# Got Cleaning Crew :)/Questions?



## Aquatic_Fan (Nov 30, 2007)

Ok well iv finally went out and bought myself 4 blue legged snails....but i think one of them might not even be alive lol.....umm i also got a green emerald crab and i for get the name of my shrimp....the guy wrote down a coral shrimp.....but i think it was a different name.....the description of it is that its white and has like red strips through out its body ill take a picture and post it tomorrow morning. 

Any ideas on what i should feed the shrimp and grab? Iv been giving it normal flakes but i wanna buy something they would be familiar with since they are salt water.

And also i was going to purchase an urchin but the the guy was telling me if i have coral they will kill it. Is that true? That is why i crabbed the crab instead 


I will post pictures tomorrow of everything...


----------



## Aquatic_Fan (Nov 30, 2007)

*Pictures *

Here is a picture of my 1st coral









Here are a few pictures of my shrimp.....still trying to figure out what type it is.....maybe someone can identify it for me :lol: and also for some reason he really likes the back of the tank.....im not sure why......could it be the current is to strong for him?
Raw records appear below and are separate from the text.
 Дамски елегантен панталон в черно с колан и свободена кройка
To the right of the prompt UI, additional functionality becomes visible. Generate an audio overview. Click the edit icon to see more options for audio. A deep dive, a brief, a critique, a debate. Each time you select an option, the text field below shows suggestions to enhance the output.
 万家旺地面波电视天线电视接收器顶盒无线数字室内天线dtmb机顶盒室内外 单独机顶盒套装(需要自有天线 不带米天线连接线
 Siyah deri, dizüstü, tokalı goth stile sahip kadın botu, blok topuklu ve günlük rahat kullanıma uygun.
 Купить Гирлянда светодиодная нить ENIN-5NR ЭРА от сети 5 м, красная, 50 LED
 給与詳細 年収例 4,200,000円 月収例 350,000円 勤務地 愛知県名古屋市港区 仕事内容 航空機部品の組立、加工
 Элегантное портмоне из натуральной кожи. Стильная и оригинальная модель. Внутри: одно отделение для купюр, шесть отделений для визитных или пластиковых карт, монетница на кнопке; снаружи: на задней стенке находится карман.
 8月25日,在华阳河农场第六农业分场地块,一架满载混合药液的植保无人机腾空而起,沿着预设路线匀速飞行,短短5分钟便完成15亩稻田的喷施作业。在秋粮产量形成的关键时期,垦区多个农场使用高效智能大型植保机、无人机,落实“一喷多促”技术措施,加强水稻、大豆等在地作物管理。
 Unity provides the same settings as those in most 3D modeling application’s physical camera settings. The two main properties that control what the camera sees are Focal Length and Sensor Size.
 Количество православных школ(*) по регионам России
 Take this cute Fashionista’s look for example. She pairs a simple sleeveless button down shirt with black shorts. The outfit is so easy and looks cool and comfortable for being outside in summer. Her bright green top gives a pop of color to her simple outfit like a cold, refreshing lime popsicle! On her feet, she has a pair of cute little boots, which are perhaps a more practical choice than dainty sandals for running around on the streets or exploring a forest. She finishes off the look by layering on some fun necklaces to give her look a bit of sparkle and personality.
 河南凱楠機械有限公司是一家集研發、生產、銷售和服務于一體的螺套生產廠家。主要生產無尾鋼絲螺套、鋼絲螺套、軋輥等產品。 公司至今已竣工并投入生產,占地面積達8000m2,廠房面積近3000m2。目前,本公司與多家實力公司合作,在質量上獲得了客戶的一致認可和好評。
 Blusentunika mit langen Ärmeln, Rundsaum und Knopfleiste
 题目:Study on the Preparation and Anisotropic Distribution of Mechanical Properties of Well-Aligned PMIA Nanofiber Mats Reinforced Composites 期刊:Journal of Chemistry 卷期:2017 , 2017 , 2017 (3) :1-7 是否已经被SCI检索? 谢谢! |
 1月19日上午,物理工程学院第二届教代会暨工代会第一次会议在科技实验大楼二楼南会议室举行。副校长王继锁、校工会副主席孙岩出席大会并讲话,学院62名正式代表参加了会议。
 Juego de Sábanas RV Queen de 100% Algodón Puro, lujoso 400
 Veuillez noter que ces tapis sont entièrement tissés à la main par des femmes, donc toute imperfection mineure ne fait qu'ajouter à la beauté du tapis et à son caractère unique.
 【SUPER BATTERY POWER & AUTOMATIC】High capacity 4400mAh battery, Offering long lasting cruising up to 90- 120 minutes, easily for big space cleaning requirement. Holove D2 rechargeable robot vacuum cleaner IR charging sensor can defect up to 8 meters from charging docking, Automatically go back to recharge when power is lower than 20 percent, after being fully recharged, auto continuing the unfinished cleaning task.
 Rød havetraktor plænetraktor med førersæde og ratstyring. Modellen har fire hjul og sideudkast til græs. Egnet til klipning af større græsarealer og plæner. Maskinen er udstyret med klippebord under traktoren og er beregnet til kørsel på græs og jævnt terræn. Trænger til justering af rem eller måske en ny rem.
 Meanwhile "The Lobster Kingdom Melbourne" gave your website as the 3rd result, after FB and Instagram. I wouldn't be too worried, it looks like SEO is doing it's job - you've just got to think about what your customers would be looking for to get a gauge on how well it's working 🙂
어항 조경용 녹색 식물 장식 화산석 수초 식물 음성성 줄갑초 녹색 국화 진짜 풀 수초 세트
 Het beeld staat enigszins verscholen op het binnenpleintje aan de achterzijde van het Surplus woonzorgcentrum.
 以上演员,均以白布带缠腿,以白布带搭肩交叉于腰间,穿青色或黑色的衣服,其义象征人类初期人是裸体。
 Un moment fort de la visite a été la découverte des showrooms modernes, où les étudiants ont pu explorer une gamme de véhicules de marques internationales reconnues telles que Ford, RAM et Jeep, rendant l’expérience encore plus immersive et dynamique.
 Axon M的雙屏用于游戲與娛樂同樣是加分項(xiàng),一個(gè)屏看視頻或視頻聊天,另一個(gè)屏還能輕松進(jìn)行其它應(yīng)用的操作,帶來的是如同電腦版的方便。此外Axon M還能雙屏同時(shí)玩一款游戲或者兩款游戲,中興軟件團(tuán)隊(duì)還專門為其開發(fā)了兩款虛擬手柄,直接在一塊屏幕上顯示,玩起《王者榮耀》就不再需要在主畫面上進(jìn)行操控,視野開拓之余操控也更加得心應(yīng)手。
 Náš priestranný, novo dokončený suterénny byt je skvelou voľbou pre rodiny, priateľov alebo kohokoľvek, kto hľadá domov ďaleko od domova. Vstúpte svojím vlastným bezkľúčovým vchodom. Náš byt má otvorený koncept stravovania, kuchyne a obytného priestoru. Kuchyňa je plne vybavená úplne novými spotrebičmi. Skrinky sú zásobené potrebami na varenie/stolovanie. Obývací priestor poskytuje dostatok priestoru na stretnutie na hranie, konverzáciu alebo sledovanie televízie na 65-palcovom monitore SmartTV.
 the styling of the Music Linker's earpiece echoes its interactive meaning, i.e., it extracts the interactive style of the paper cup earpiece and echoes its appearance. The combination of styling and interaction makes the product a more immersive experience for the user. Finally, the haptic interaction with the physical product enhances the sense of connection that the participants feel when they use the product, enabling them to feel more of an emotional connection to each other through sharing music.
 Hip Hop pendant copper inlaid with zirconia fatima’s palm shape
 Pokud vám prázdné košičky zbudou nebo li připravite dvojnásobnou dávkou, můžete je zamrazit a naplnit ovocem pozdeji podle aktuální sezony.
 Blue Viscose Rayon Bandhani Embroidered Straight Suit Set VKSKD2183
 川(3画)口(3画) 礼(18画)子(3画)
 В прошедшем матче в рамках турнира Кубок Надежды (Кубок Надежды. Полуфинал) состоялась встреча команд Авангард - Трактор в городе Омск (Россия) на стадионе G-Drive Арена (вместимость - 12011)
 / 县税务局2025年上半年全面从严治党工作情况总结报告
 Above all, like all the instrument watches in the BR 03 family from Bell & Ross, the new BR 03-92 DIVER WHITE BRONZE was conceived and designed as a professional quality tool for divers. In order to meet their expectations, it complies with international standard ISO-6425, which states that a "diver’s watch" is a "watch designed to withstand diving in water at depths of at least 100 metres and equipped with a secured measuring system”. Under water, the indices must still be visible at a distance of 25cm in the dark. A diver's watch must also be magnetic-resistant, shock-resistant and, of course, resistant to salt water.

And as for my Green Emerald Crab hes very tiny and i haven't seen him at all today.....i hope hes ok 
:?


----------



## MattD (Apr 25, 2007)

Hey.

Your green emerald crab will be naturally reclusive, he will come out mainl during feeding time. 

The shrimp you have purchased is a Coral Banded Shrimp. I'm surprised they just sold this to you on the spot because these shrimp tend to become quite aggressive as they mature and get larger. It is aggressive towards other shrimp, snails, and hermits. I wouldn't be surprised if you found many empty hermit shells over the next little while.

This is not a guaranteeed end result, it varies from specimen to specimen. You may have a totally docile one who won't ever touch your CUC.

You didn't tell me you were getting THIS thing over the phone!!


----------



## SKAustin (Aug 1, 2006)

Aquatic_Fan said:


> Ok well iv finally went out and bought myself 4 blue legged snails....but i think one of them might not even be alive lol.....umm i also got a green emerald crab and i for get the name of my shrimp....the guy wrote down a coral shrimp.....but i think it was a different name.....the description of it is that its white and has like red strips through out its body ill take a picture and post it tomorrow morning.
> 
> Any ideas on what i should feed the shrimp and grab? Iv been giving it normal flakes but i wanna buy something they would be familiar with since they are salt water.
> 
> ...


Hmm, Blue legged snail? I didnt realize snails had legs. lol, sorry. I assume you meant to say Blue legged hermits? Good choice, though Zebra reef hermits tend to do a better job on a broader variety of algaes and cyano. Still, blue legs are a good choice to start out with. They are probably the least aggressive. The emerald crab is also a good addition, but watch out, they will knock over rockwork and corals, especially when they get to full size. The coral banded shrimp can be hit or miss, Ive had good luck with them, but they will make quick lunch of other shrimp, crabs, and snails. You might have been better going with a golden coral banded, as they do not get as large as the one you have. Personally, I would look to trade the coral banded for a few peppermints or cleaner shrimp. 

and a bit of advice, skip the urchin, they're a royal pain in the arse. Im not sure about them eating corals, but they do eat algae, including Coraline algae, so if you want to see nice coloration of your rock, skip the urchin, or keep it in a sump.


----------



## Aquatic_Fan (Nov 30, 2007)

MattD said:


> Hey.
> 
> Your green emerald crab will be naturally reclusive, he will come out mainl during feeding time.
> 
> ...


Lol im sorry matt d i couldnt find any other shrimp Blood Shrimp $50....i was so tempted man lol......next time


----------



## Aquatic_Fan (Nov 30, 2007)

SKAustin said:


> Aquatic_Fan said:
> 
> 
> > Ok well iv finally went out and bought myself 4 blue legged snails....but i think one of them might not even be alive lol.....umm i also got a green emerald crab and i for get the name of my shrimp....the guy wrote down a coral shrimp.....but i think it was a different name.....the description of it is that its white and has like red strips through out its body ill take a picture and post it tomorrow morning.
> ...


Lmao i meant to say blue legged hermits..lol i just realized snails dont have feet......i was probably thinking of snails when i was typing ad just typed it in instead of hermit lol.....jeese.....ok thanks for the advice im just gonna skip the urchin even my buddy is having problems with the one he has......it keeps taking his torch coralland carrying ti around.....pretty funny and crazy at the same time.....but he now glued the coral down so the urchin is now carrying snails and suhc for a ride lol.....but yea maybe when my shrimp gets big ill trade him......what about blood shrimp do they get big.....i was thinking of getting one of those instead


----------